The windows of the building of the Physical and Spatial Oceanography Laboratory (LOPS), based at the Ifremer centre in Plouzané (Finistère, France), offer an unobstructed view of the Brest Narrows, although it is a little blocked by mist on this late afternoon in early April. Here, at the gateway to the North Atlantic Ocean, we find Herlé Mercier, a physical oceanographer and CNRS research director in this laboratory (created in 2016) made up of researchers from the CNRS, Ifremer and the IRD. After completing his PhD in 1983 and a post-doctorate at MIT in Boston, he spent his entire career there, interspersed with long periods at sea on French, Spanish, American and British oceanographic vessels. Here Herlé Mercier looks back over his career and shares his vision of the ocean and the changes that lie ahead for his discipline.
Interview by Maud Lénée-Corrèze
Why did you choose physical oceanography?
Herlé Mercier: Having grown up on the coast and started sailing at a very young age, I developed a strong attraction to the marine environment. And I loved physics. It was quite natural for me to enrol for a DEA in physical oceanography at the University of Brest. I liked it, and my passion for the sea led me to turn to in situ observations rather than modelling, so that I could continue to go out on the water and see how the ocean really works.
What major programmes have you been involved in as part of your research?
H. M. : The first was the World Ocean Circulation Experiment (WOCE) in the 1990s, which gave us our first, albeit somewhat blurred, snapshot of global thermohaline circulation (circulation driven mainly by changes in temperature and salinity, which cause water masses to sink or rise). I was in charge of the Romanche experiment, named after the Romanche fault (between 2 degrees North and 2 degrees South) which allows the circulation of bottom waters between the western and eastern basins of the equatorial Atlantic.
Since 2002, I have been working on Ovide in the North Atlantic, a major programme of hydrographic surveys and biogeochemical tracers [chemical elements or isotopes that make it possible to trace the history of a process (nutrient salts, oxygen, salinity, chlorofluorocarbons, which are fluorinated gases of anthropogenic origin), editor’s note] between Portugal and Greenland. Thanks to this project, we are observing the variability of the Atlantic Meridional Overturning Circulation (AMOC), which is part of the thermohaline circulation and responsible for our temperate climate in Europe. We are also monitoring the carbon cycle, to see where it is absorbed by the ocean and where it is buried, as well as changes in the properties of water masses and deep circulation.

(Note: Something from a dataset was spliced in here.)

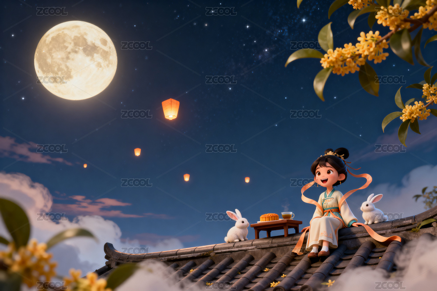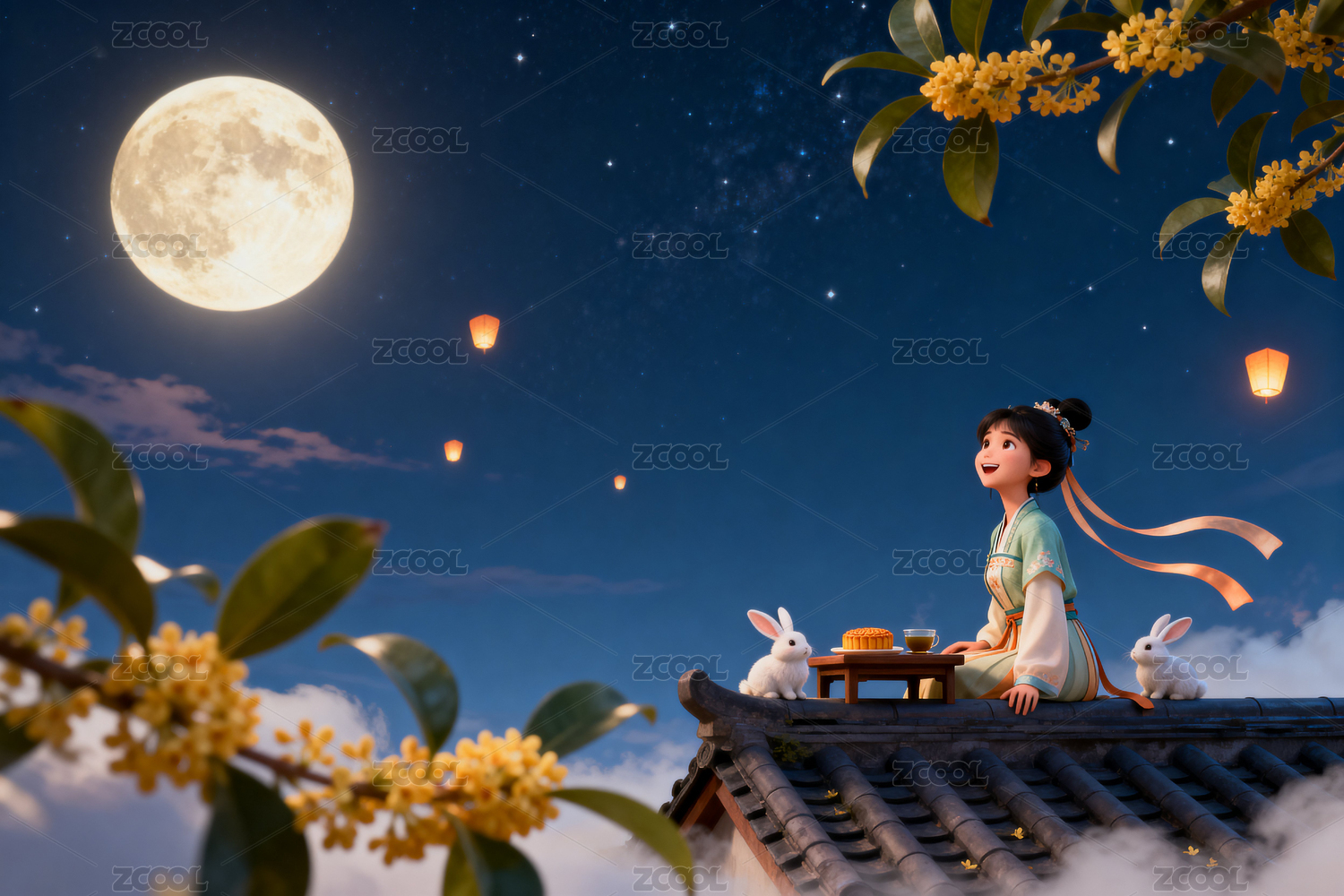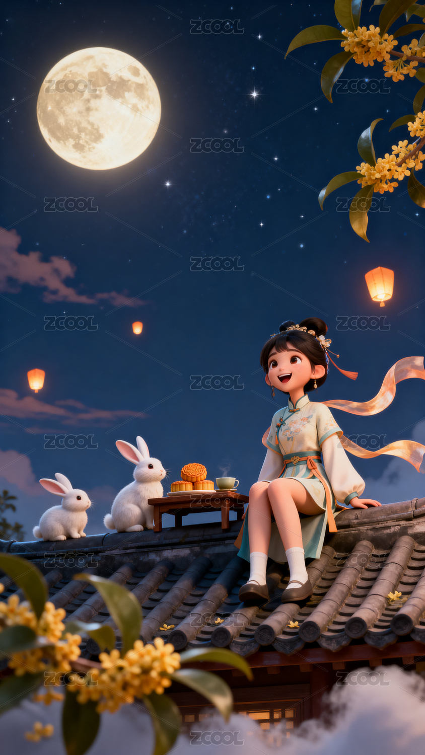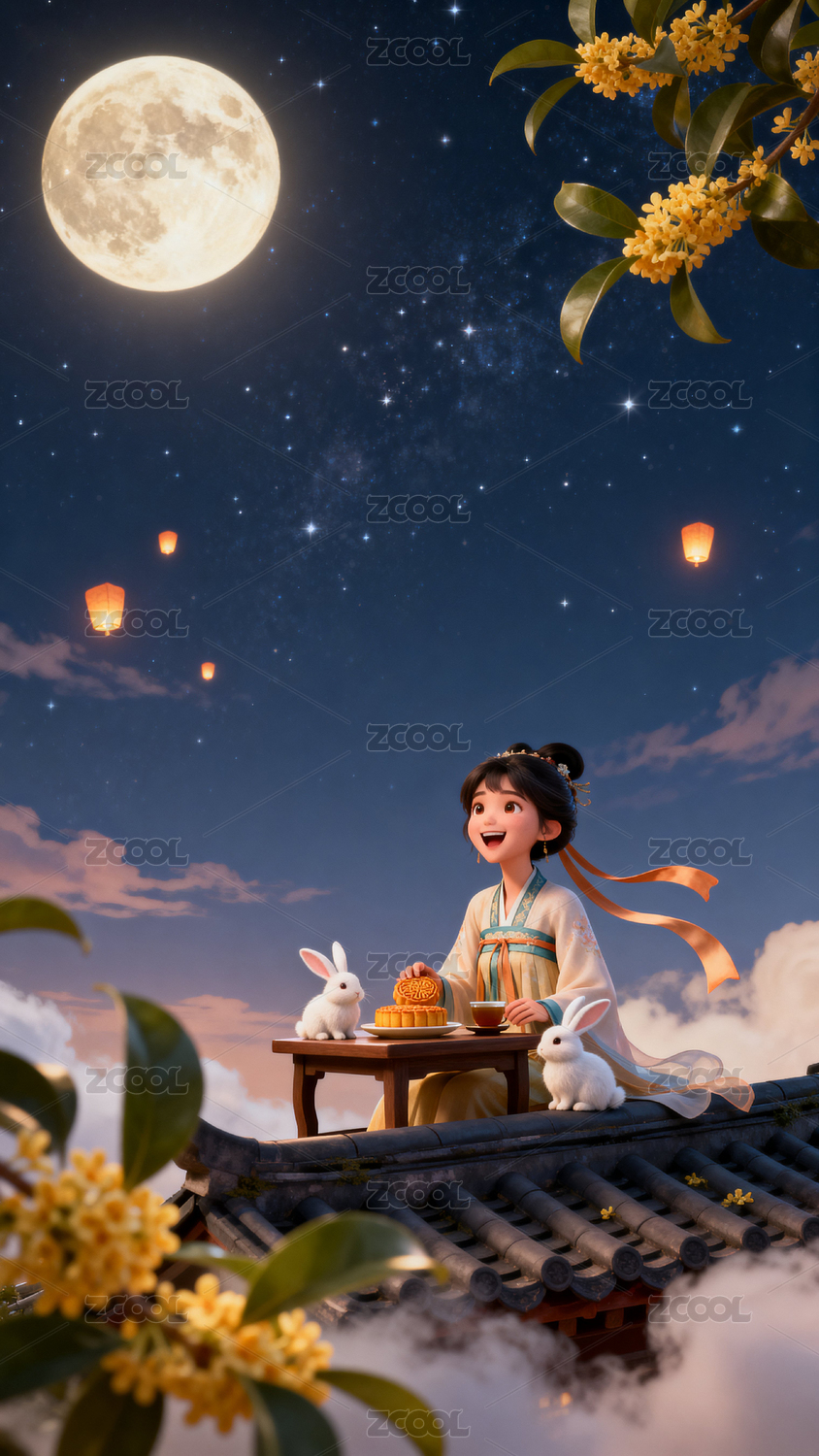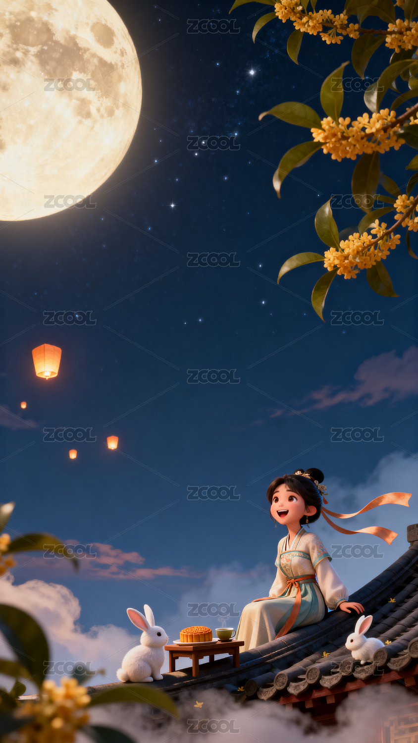嫦娥和玉兔坐在屋顶在桂花树下赏月

In parallel with the Ovide programme, I also took part in the Reykjanes Ridge experiment led by Virginie Thierry, the aim of which was to study how the interaction of currents with the topography of the seabed at the Reykjanes Ridge, to the south-west of Iceland, modified the course of the North Atlantic Current, a component of the AMOC that brings warm waters up from the south towards the north. We put current meters in the water for two years and carried out hydrographic surveys to build up a significant database for this particular area.